[Start of Attachment]

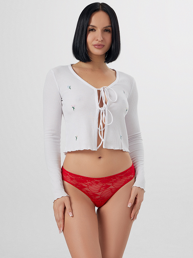 Трусы женские, средняя линия талии, силуэт - бразилиано. Передняя деталь выполнена из кружева. Ластовица из кружева на подкладке из хлопка. Задние детали выполнены из кружева. По верхнему срезу трусов жилка 6мм. По нижним срезам передней детали жилка. На передней детали декоративные обтачки из ткани.
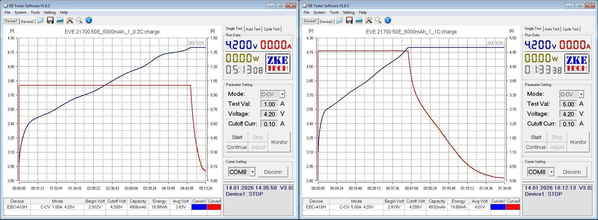 Да, я протестировал заряд в указанных режимах, при токе 0.2С заряд длился 5 часов 13 минут, а при токе 1С 1 час 33 минуты, но поведение при токе 1С на мой взгляд чуть получше чем у 18650 3.5Ач.
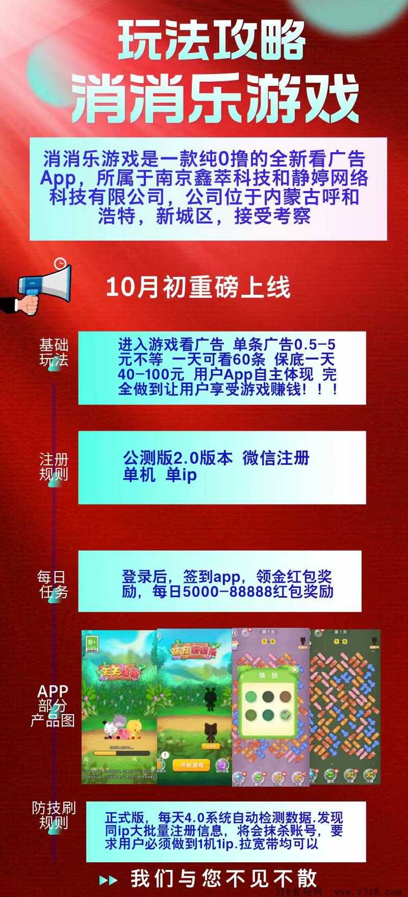消消乐游戏是一款纯0撸的全新看广告 App,所属于南京鑫萃科技、静婷网络科技有限公司,公司位于内蒙古呼和浩特,新城区,接受考察 10月初重磅上线 基础进入游戏看广告单条广告0.5-5元 一天可看30-60条保底一天 40-100元用户App自全体现完 全做到让用户享受游戏赚钱!
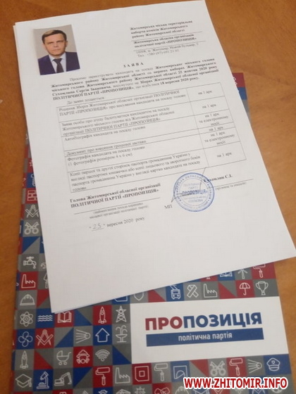 Вранці 23 вересня міська виборча комісія отримала документи партії «Пропозиція», від якої на другий термін збирається балотуватися нинішній мер Житомира Сергій Сухомлин та 42 кандидати в депутати міської ради.

[End of Attachment]

Your copy should match the listing exactly, apart from the pictures it leaves out.

 Трусы женские, средняя линия талии, силуэт - бразилиано. Передняя деталь выполнена из кружева. Ластовица из кружева на подкладке из хлопка. Задние детали выполнены из кружева. По верхнему срезу трусов жилка 6мм. По нижним срезам передней детали жилка. На передней детали декоративные обтачки из ткани.
 Да, я протестировал заряд в указанных режимах, при токе 0.2С заряд длился 5 часов 13 минут, а при токе 1С 1 час 33 минуты, но поведение при токе 1С на мой взгляд чуть получше чем у 18650 3.5Ач.
消消乐游戏是一款纯0撸的全新看广告 App,所属于南京鑫萃科技、静婷网络科技有限公司,公司位于内蒙古呼和浩特,新城区,接受考察 10月初重磅上线 基础进入游戏看广告单条广告0.5-5元 一天可看30-60条保底一天 40-100元用户App自全体现完 全做到让用户享受游戏赚钱!
 Вранці 23 вересня міська виборча комісія отримала документи партії «Пропозиція», від якої на другий термін збирається балотуватися нинішній мер Житомира Сергій Сухомлин та 42 кандидати в депутати міської ради.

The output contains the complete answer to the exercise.